# Provided material:
================================
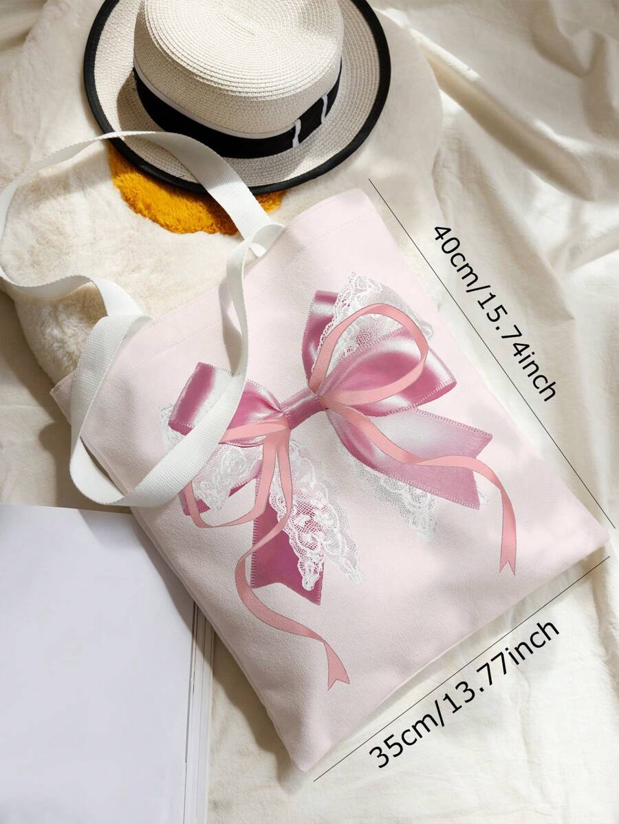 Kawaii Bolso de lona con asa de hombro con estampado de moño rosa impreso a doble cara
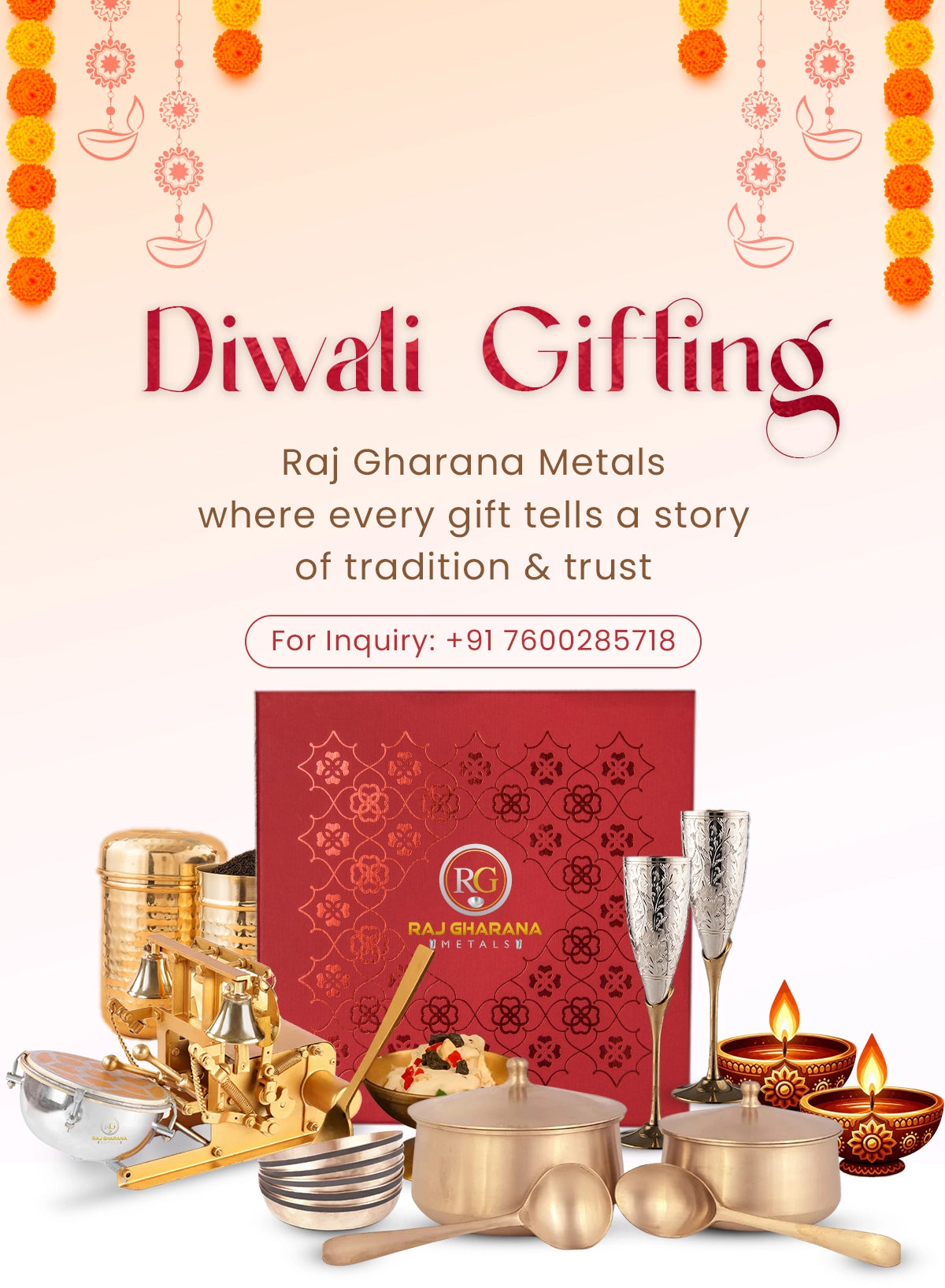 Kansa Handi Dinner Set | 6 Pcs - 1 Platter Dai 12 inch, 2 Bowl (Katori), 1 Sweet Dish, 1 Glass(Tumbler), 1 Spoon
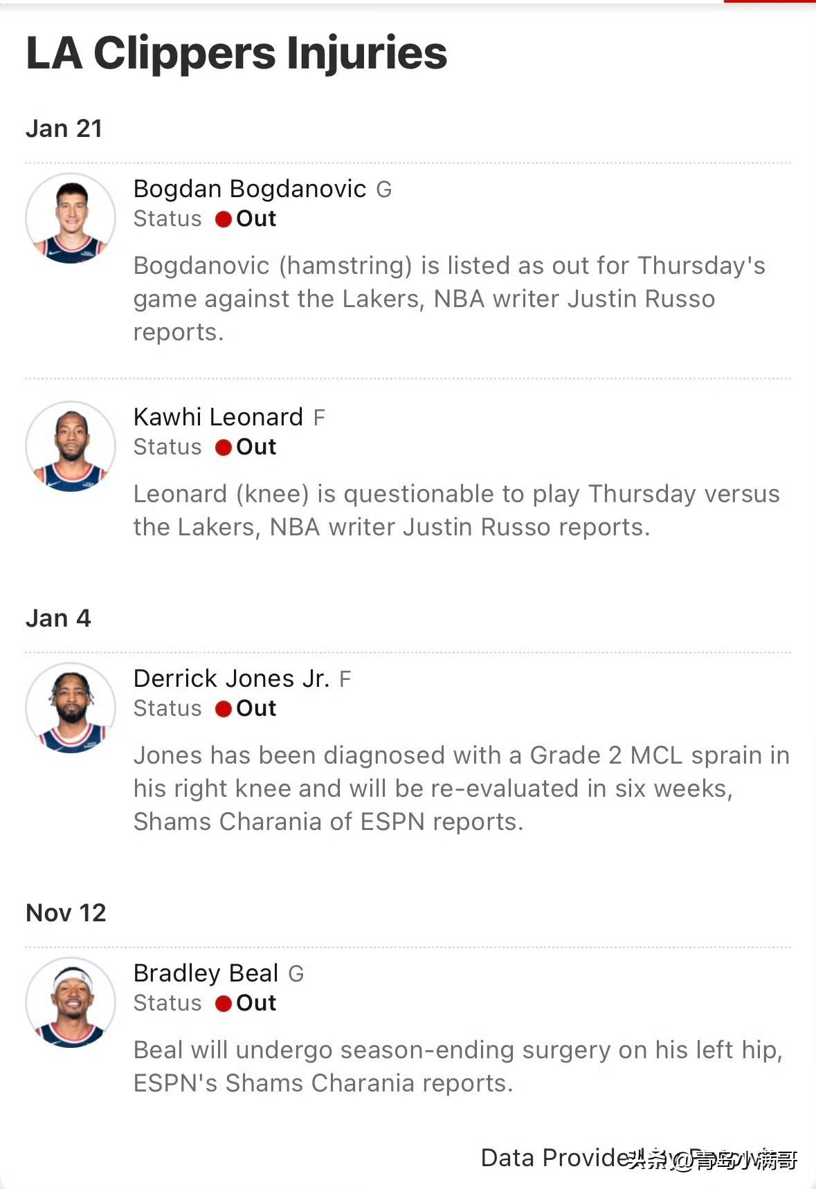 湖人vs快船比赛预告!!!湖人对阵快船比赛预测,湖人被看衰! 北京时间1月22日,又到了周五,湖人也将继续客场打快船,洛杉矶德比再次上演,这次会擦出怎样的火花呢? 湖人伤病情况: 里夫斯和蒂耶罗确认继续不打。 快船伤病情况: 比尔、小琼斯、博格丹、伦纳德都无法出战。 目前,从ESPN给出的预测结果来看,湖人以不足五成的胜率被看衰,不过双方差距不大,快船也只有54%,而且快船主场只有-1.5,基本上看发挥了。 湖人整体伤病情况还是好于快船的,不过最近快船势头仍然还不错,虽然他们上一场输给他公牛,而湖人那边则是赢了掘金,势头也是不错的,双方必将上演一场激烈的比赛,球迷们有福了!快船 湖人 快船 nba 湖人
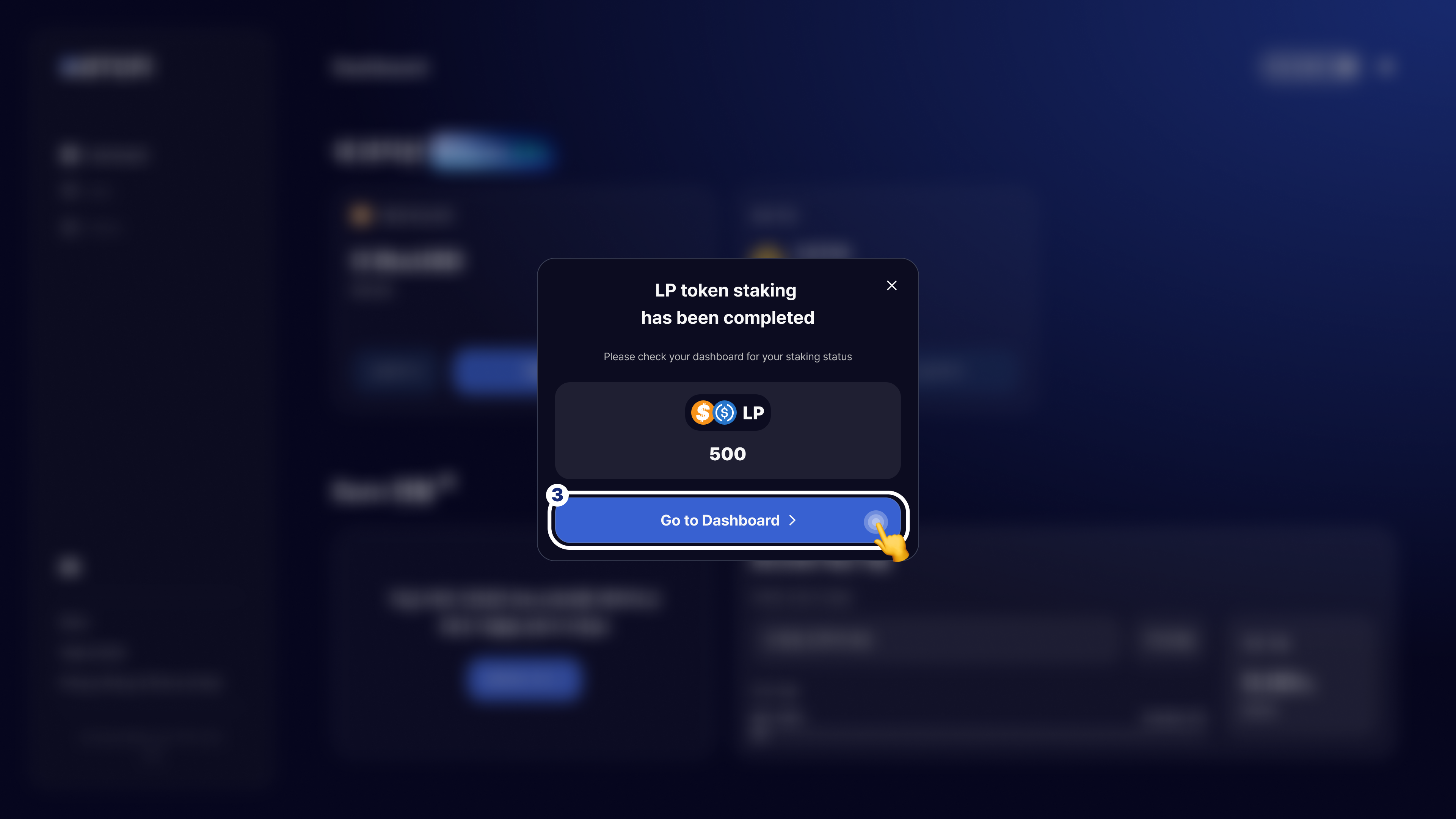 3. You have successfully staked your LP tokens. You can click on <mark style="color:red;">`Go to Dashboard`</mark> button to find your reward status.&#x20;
================================
# Task directions:
Output the lines above in full and exactly as given, omitting any pictures.

# Output of the exercise:
 Kawaii Bolso de lona con asa de hombro con estampado de moño rosa impreso a doble cara
 Kansa Handi Dinner Set | 6 Pcs - 1 Platter Dai 12 inch, 2 Bowl (Katori), 1 Sweet Dish, 1 Glass(Tumbler), 1 Spoon
 湖人vs快船比赛预告!!!湖人对阵快船比赛预测,湖人被看衰! 北京时间1月22日,又到了周五,湖人也将继续客场打快船,洛杉矶德比再次上演,这次会擦出怎样的火花呢? 湖人伤病情况: 里夫斯和蒂耶罗确认继续不打。 快船伤病情况: 比尔、小琼斯、博格丹、伦纳德都无法出战。 目前,从ESPN给出的预测结果来看,湖人以不足五成的胜率被看衰,不过双方差距不大,快船也只有54%,而且快船主场只有-1.5,基本上看发挥了。 湖人整体伤病情况还是好于快船的,不过最近快船势头仍然还不错,虽然他们上一场输给他公牛,而湖人那边则是赢了掘金,势头也是不错的,双方必将上演一场激烈的比赛,球迷们有福了!快船 湖人 快船 nba 湖人
 3. You have successfully staked your LP tokens. You can click on <mark style="color:red;">`Go to Dashboard`</mark> button to find your reward status.&#x20;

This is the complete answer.